Post Scriptum. Este artículo se centra en el momento final de la vida pero en su esencia se puede aplicar al sistema de visitas en aislamiento aunque no se fallezca; a la supresión radical de la incineración, de las inhumaciones€ Y lo hace mirando al futuro, con ánimo constructivo, alentando el debate para la mejora de los estándares de atención en pos de la excelencia. Alejado de cualquier pretensión acusatoria. Menos aún pensando que se pueda estar en posesión de la verdad absoluta en tiempos tan convulsos y difíciles. Con la humilde intención de humanizar más, si es posible, una situación muy complicada. Y, por supuesto, sometido a cualquier mejor opinión en Derecho y en materia sanitaria.

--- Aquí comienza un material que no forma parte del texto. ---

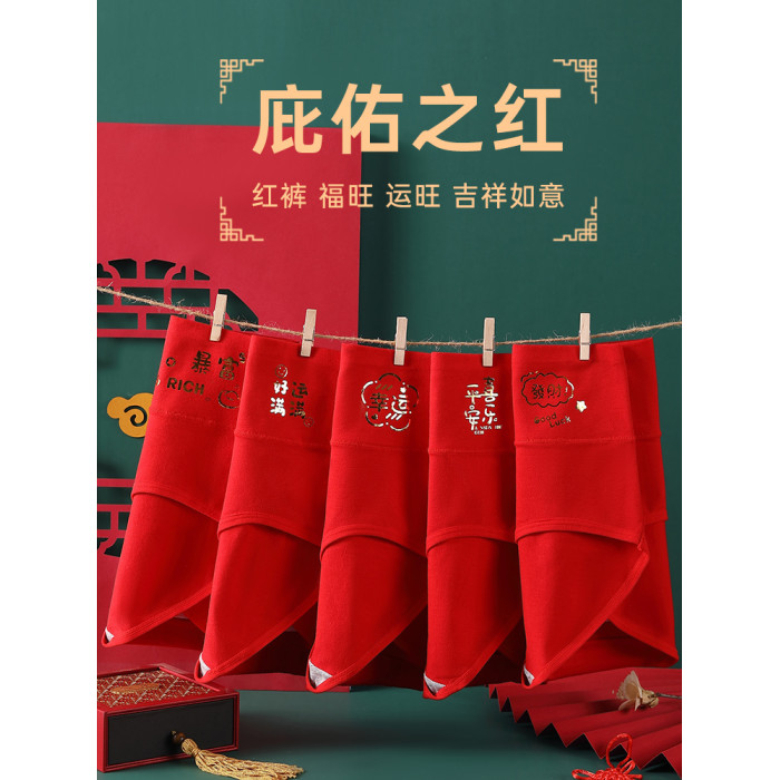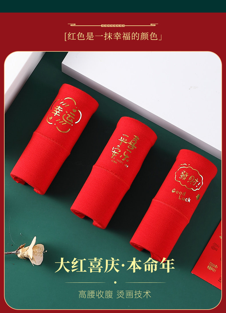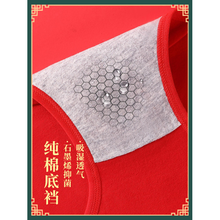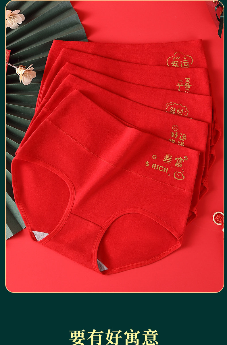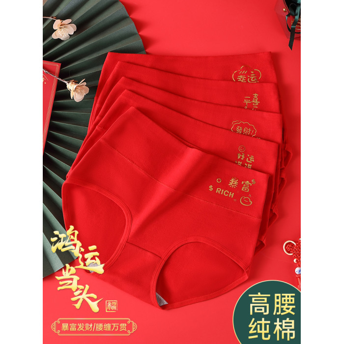 紅色高腰本命年女士內褲全棉抗菌石墨烯襠秋冬2024新款結婚三角褲

Pero también, es un pequeño homenaje a nuestra ama, Mari Carmen, que fue operada de ictus en el hospital de Basurto el pasado 11 de marzo y después, ya infectada por covid-19, murió el 22 de marzo de 2020 en el hospital de Santa Marina con un trato tan exquisito, en ambos centros sanitarios, que no tenemos más que palabras de agradecimiento para todas y todos cuantos la trataron. Agur ama, Goian -eta gugan- bego!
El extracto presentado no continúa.